In Virginia, meantime, there was jealousy enough of the new colony, taking
as it did territory held to be Virginian and renaming it, not for the old,
independent, Protestant, virgin queen, but for a French, Catholic, queen
consort -- even settling it with believers in the Mass and bringing in
Jesuits! It was, says a Jamestown settler, "accounted a crime almost as
heinous as treason to favour, nay to speak well of that colony." Beside the
Virginian folk as a whole, one man, in particular, William Claiborne,
nursed an individual grievance. He had it from Governor Calvert that he
might dwell on in Kent Island, trading from there, but only under license
from the Lord Proprietor and as an inhabitant of Maryland, not of Virginia.

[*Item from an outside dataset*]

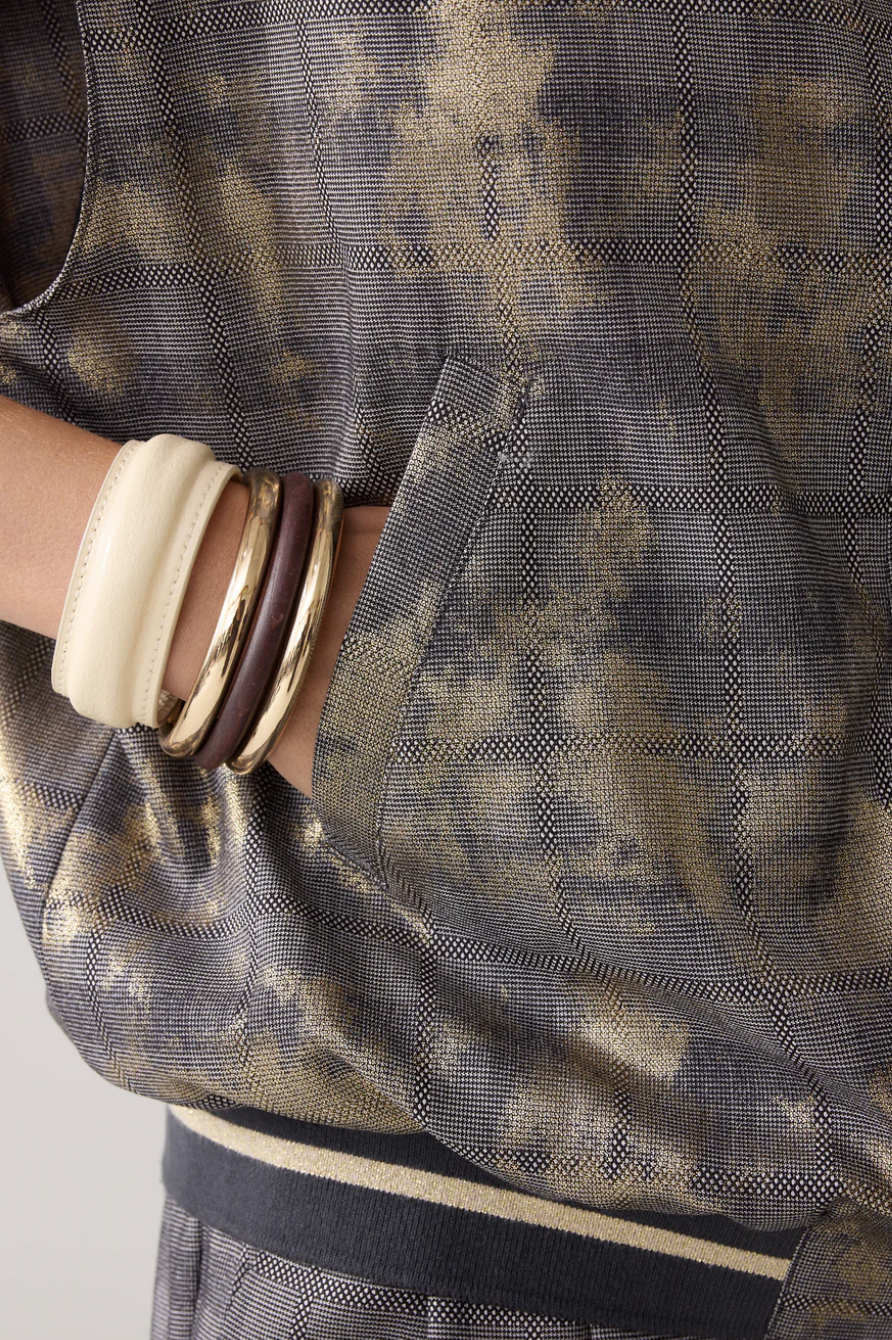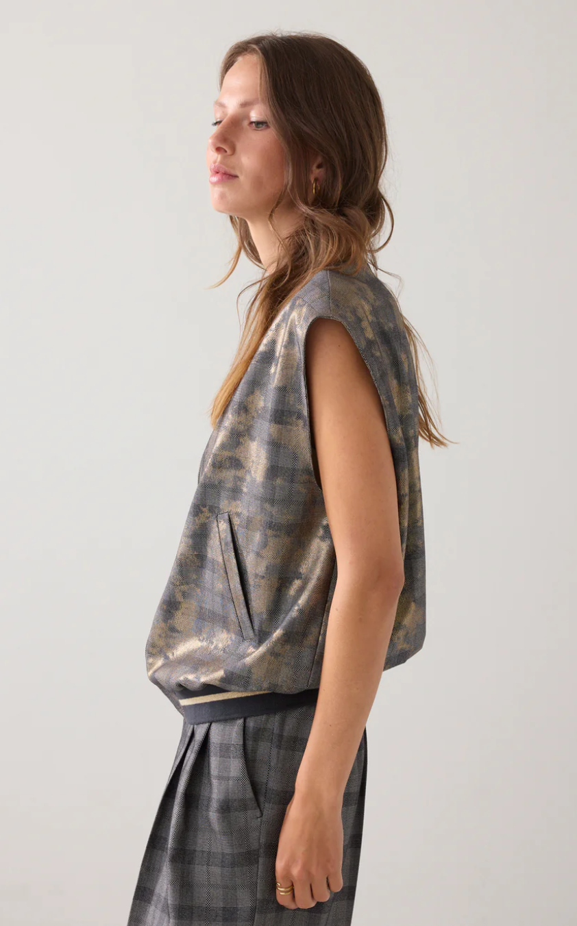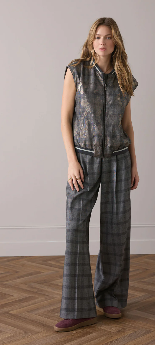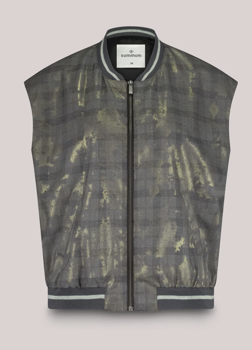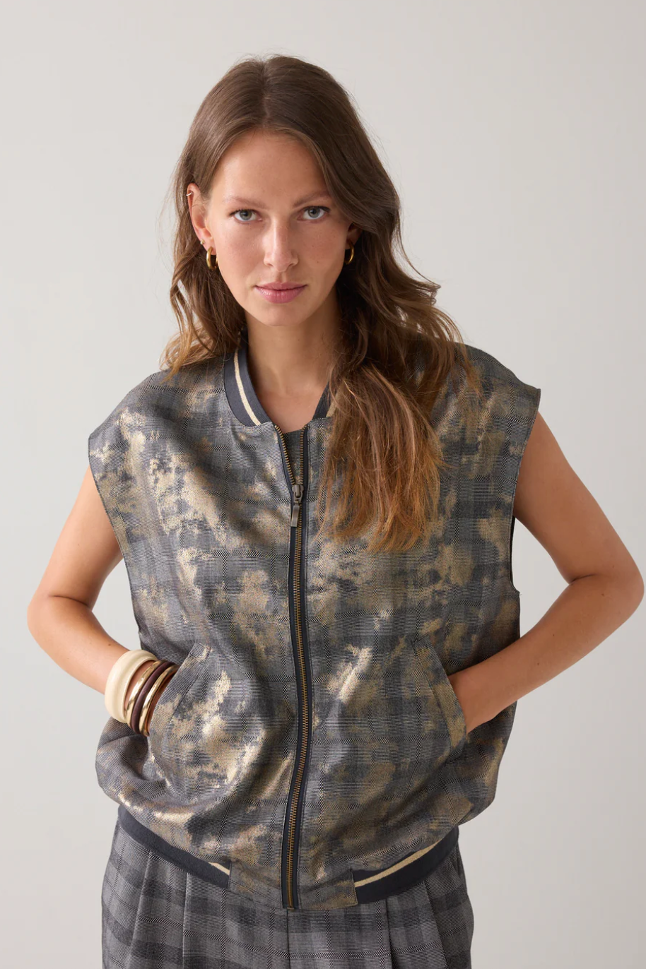 This bomber-style gilet features a foil print in a plaid fabric and has a lurex stripe in the ribbed edging. The gilet has wide armholes, flap pockets and a wind catcher behind the zip.

Claiborne, with the Assembly at Jamestown secretly on his side, resisted
this interference with his rights, and, as he continued to trade with a
high hand, he soon fell under suspicion of stirring up the Indians against
the Marylanders.
At the time, this quarrel rang loud through Maryland and Virginia, and even
echoed across the Atlantic. Leonard Calvert had a trading-boat of
Claiborne's seized in the Patuxent River. Thereupon Claiborne's men, with
the shallop Cockatrice, in retaliation attacked Maryland pinnaces and lost
both their lives and their boat.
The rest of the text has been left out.